Women in the United States who live in states that have banned abortions are still getting them at a similar rate compared to before the Supreme Court overturned Roe v Wade, according to a new study.

Women are travelling to other states for the procedure and increasingly using telehealth to have abortion pills mailed to them according to a #WeCount report, released on Tuesday by the Society of Family Planning that advocates for abortion access.

“The abortion bans are not eliminating the need for abortion,” said Ushma Upadhyay, a University of California public health social scientist and a co-chair of the #WeCount survey. “People are jumping over these hurdles because they have to,” she added.

The #WeCount study created a snapshot by surveying abortion trends just before Roe was overturned. It found quick changes right after the US Supreme Court’s Dobbs v Jackson ruling that ended the national right to abortion, putting the issue into the hands of the states.

The number of abortions in states with bans at all stages of pregnancy fell to near zero. It also plummeted in states where bans kick in around six weeks of pregnancy, which is before many women know they are pregnant.

But nationally the numbers are different – about the same level or slightly higher than before the ruling. The study estimates nearly 98,000 abortions occurred each month in the first half of 2024, up from the 81,000 monthly from April through December 2022 and 88,000 in 2023.

In fact, #WeCount survey found women in states with bans throughout pregnancy were getting abortions in similar numbers as they were in 2020.

It shows that women are working around the bans and increasingly choosing telehealth prescribers.
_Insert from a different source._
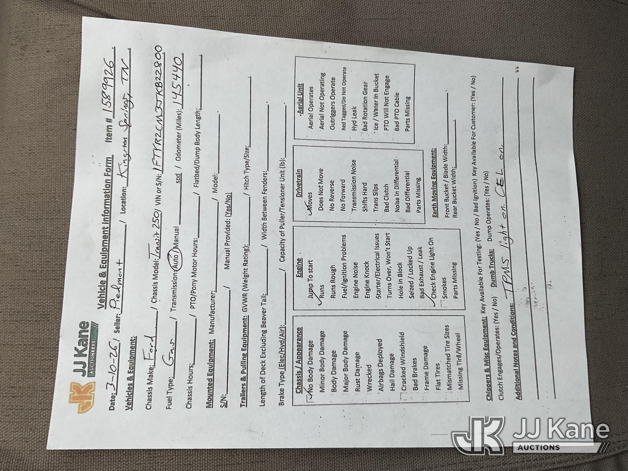 2018 Ford Transit 250 Van Med. Roof w/Sliding Pass. 148-in Van, 3.7L V6 DOHC 24V RWD, CNG Only, 6-Speed Automatic, A/C, (145,440 miles) (Runs & Moves) (Check Engine Light On) This is a Titled Item*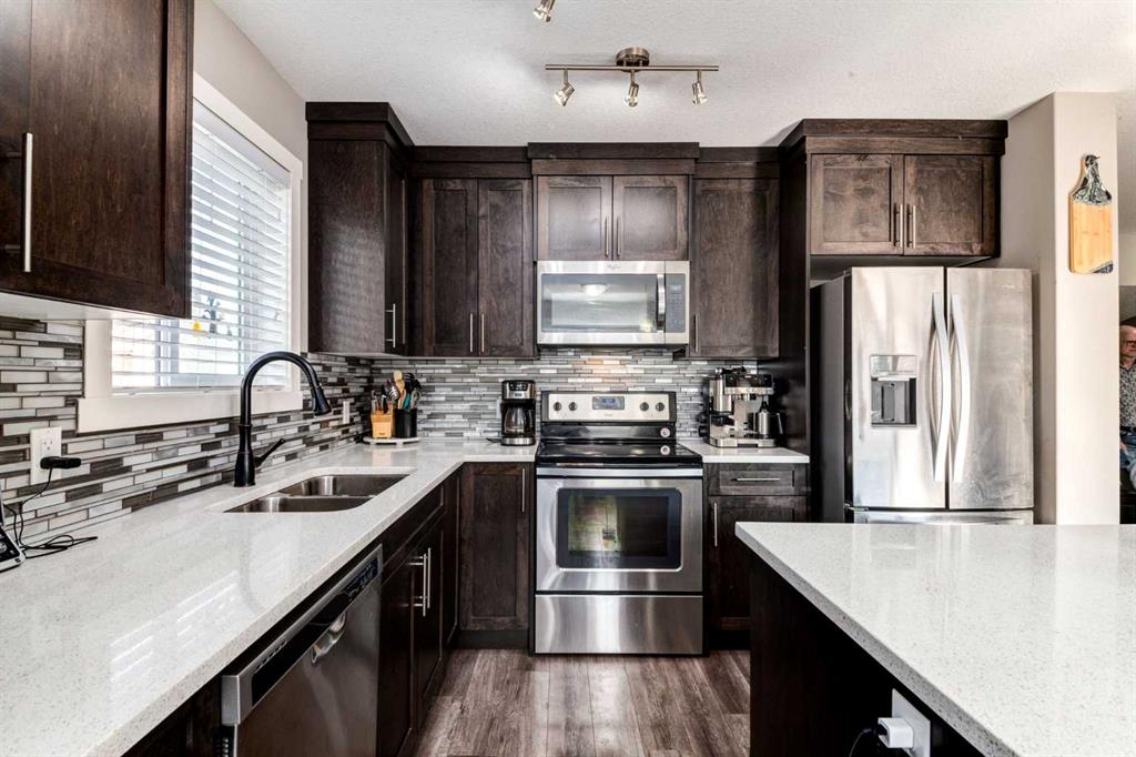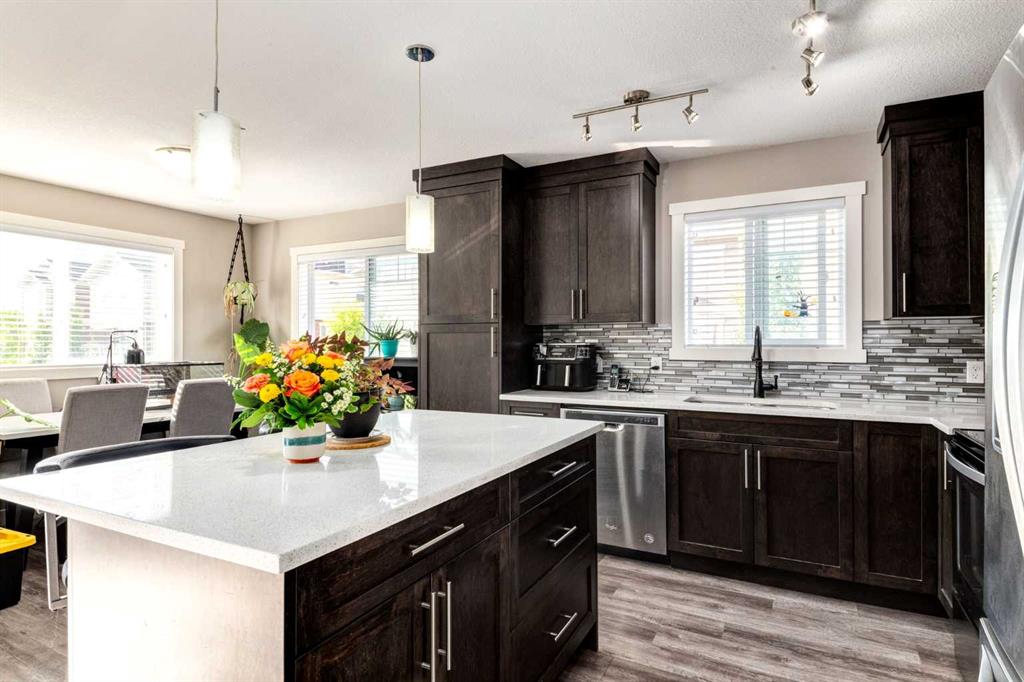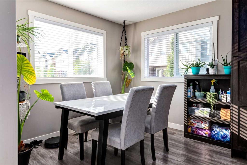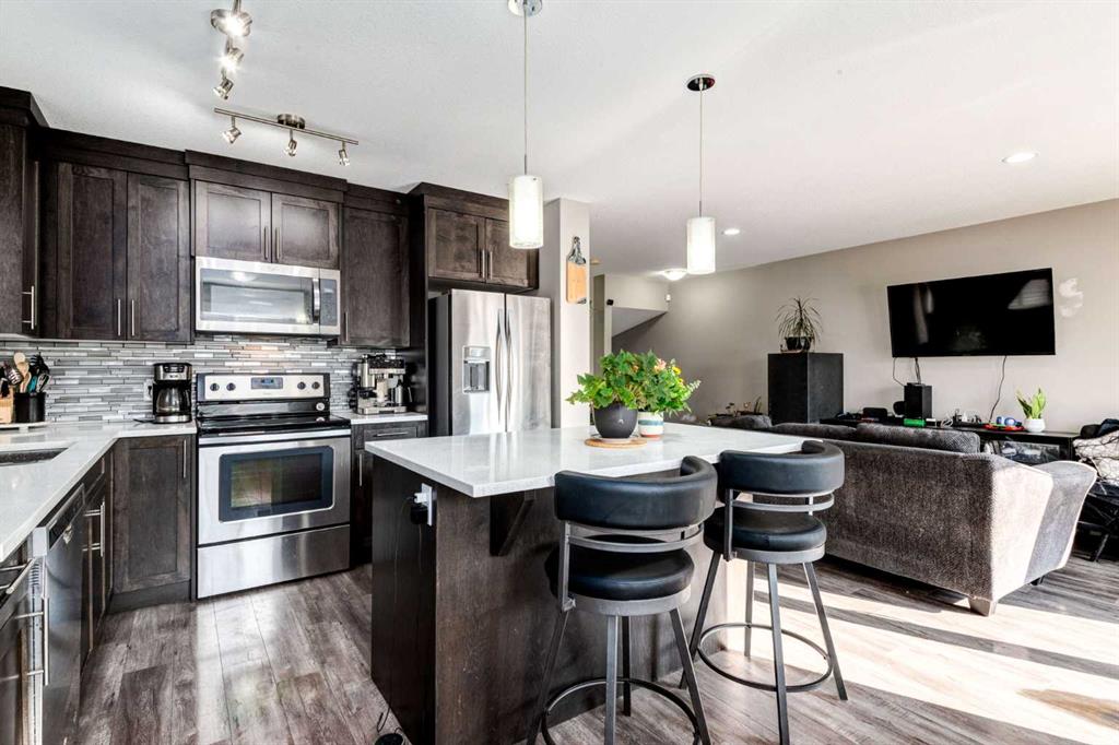 Former Showhome with lots of upgrades! Welcome to this 3 bedroom, 2.5 bath townhome in the family friendly community of Skyview. This corner unit home offers everything your family needs. Walking into the home you are greeted by a nice foyer with storage and ample closet space for your boots and coats. To the right is a well sized flex space, perfect for an office or play area. On the main floor is a thoughtfully laid out open plan, with your kitchen, dining room and living room blending seamlessly. The kitchen features upgraded backsplash, cabinetry and countertops for an elevated look. You can enjoy a morning coffee on the cute balcony off the living room. The main level is finished with a 2 piece guest bathroom and laundry room. Engineered hardwood and upgraded tile flow throughout. Headed up to the second floor you will find three nice sized bedrooms, including a bright primary with 3 piece ensuite and walk in closet. An additional 4 piece bathroom completes the second floor. This home has also been upgraded with A/C for those warm summer days, and LED lighting throughout. A single attached garage with room for one additional vehicle on the driveway allows for 2 car spaces. If you are looking for a great priced home, in a family friendly community, look no further than this beautiful home. Skyview is the perfect place to live with easy access to the airport, stoney trail and Cross Iron shopping, plus schools and amenities all nearby. With all the upgrades and space for your family, this home is sure to go quickly! Contact your realtor and book a showing today!

Those providers got a boost when some Democratic-controlled states last year began implementing laws to protect them from prosecution.

A major provider of the telehealth pills is the Massachusetts Abortion Access Project. Co-founder Angel Foster said the group prescribed to about 500 patients a month, mostly in states with bans, since it launched in September 2023. It expects to increase abortions to 1,500 to 2,000 a month with a new model that lowers costs to patients.

“There’s an irony in what’s happened in the post-Dobbs landscape,” Foster said. “In some places, abortion care is more accessible and affordable than it was,” she said.

There have been no major legal challenges to laws that protect abortion providers from prescribing pills in states where it is restricted or banned, but abortion opponents have tried to get one of the main pills removed from the market.

Earlier this year, the US Supreme Court unanimously preserved access to the abortion drug, mifepristone. It ruled that anti-abortion rights doctors could not challenge the federal approval of the drug.